Слесарь Покровский, непоседливый, вертлявый, все норовит выскочить на верхнюю палубу. Встанет на спардеке, прокричит на ветер немое «Ого-го!», хлебнет водички и, отряхиваясь, отбивает по трапу чечетку коваными солдатскими башмаками. «Вот жмет! Вот жмет!» Глаза круглые, на лице лихая улыбка. На него качка действует возбуждающе…

Переступив порог матросской столовой, я сразу теряю почву под ногами и под общий хохот лечу к буфетной стойке. Палуба в столовой, густо политая жирным борщом, ничуть Не хуже летнего катка в Лужниках. Шурочка из окошка протягивает мне миску с гуляшем, ложку и кусок хлеба. От борща я предусмотрительно отказался.

Выбрав момент, подкатываюсь с миской к столу и плюхаюсь на вертящийся стул.

На полу осколки посуды, жестяные миски, объедки. Картины перекосились. Обедающие держатся за миски, словно их вот-вот вырвут у них из рук.
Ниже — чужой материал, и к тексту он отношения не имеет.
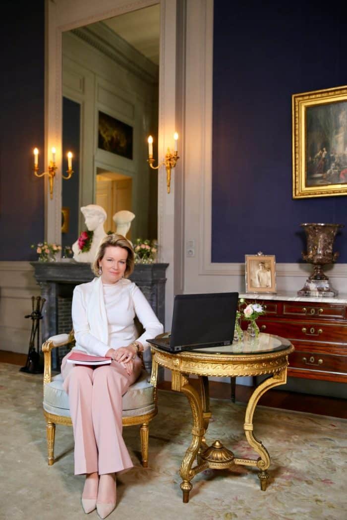 Koningin Mathilde droeg een witte top met sjaalkraag, die ze deze keer naar achteren had geslagen (label: Modehuis Natan), op een geruite grijze broek met pailletten (ontwerp: Modehuis Natan).

По привычке я кладу ломоть хлеба на стол. Он тут же взлетает в воздух. Ильин, изловчившись, отбивает его ко мне. Свой кусок хлеба он зажал в той же руке, что и ложку.

Выдержавшие испытание обедом, глядя на дверь, поджидают.

Моторист Орешкин — опытный едок. С порога он лихо подкатывает к стойке. Уверенный в себе, он и не думает отказываться от супа. Но судно заваливается так круто, что удержать и равновесие и суп невозможно. Орешкин летит под стол, борщ расплескивается по палубе. Плакала его новая роба!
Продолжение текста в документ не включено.